Whatever the subject, Boban speaks with the tenderness of a beloved camp counselor and the clarity of your favorite professor. When he tells a story about losing all the photos on his phone, he concludes, "So, you know, I don't believe in the iCloud." There are also plenty of jokes, some inappropriate for family-friendly reading and some, delivered with his wide grin -- "What do you call cow on roller coaster? ... Milkshake!" -- that perfectly tiptoe along the line between hokey and hilarious.
Boban is also stunningly big, and when he stretches his arms wide (his wingspan is 94 inches), it seems as though an enormous pterodactyl has suddenly flown in.
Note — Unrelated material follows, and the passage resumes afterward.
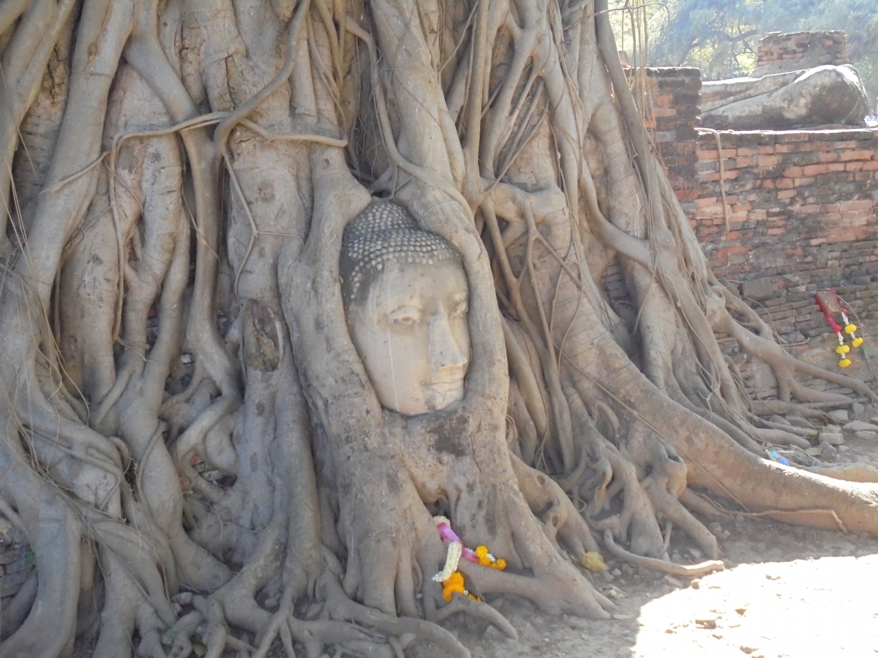 傾いた仏塔の前に鎮座する仏像も有名ですが、木の根に取り込まれた仏像の頭部は何やら不思議な懐かしさと諸行無常を感じさせます。

Except, it turns out, this pterodactyl is chattering on about how Luka Doncic "has a great taste for the music," and then he shrieks, "Woooo!" like Ric Flair and giggles so hard his chest heaves, and, ultimately, who wouldn't want to hang out with a pterodactyl like that?
Boban calls himself a "big, friendly giant," and he believes this warmth is his most important attribute. He is happiest when kids approaching him for pictures actually have no idea he plays in the NBA; they simply see him as a colossus who, however incongruously, also feels safe. "The same with dogs," he says. "When dogs walk to me, they feel that energy. The dogs feel the most, and the kids -- the kids and the dogs are my goal. Because they both just want to be around a good person."
By any statistical measure, Boban is not an iconic NBA player. He is 32 years old. He is on his fifth team. He has averaged 4.7 points, 3.9 rebounds and 8.2 minutes a night for the Mavericks this season, and in many games, he hasn't played at all.
And yet still: Boban is an undeniable star. He is in commercials. He is in YouTube skits. He has nonfungible tokens for sale. He is the featured attraction on a website with the sole purpose of posting pictures of him holding things -- fruit, toys, other people's faces -- in his massive hands.
Boban's unshakable earnestness is the motor behind all of it, the driving force behind the energy that ripples out from the Mavericks as a group. "It's like having a cute dog in the locker room," says Mavs owner Mark Cuban (who then clarifies the specifics of a Boban-sized dog as, "like, 40 Great Danes or German shepherds piled on top of each other").
"Not that Bobi's a puppy or anything, but he's just got that joy to him that, that just comes out of him and that is just -- I mean, it's contagious."
It might be slightly cloying, but it is also genuine. Boban's personality is rooted in his lived experiences, in a lifetime of using good nature and joy for his sport to block out a history that wasn't always quite so chipper. And that personality is why the teammates who stand with him and the fans who cheer for him see him as something extraordinary.
It is also why a backup center for the fifth seed in the Western Conference is very likely your favorite player's favorite player.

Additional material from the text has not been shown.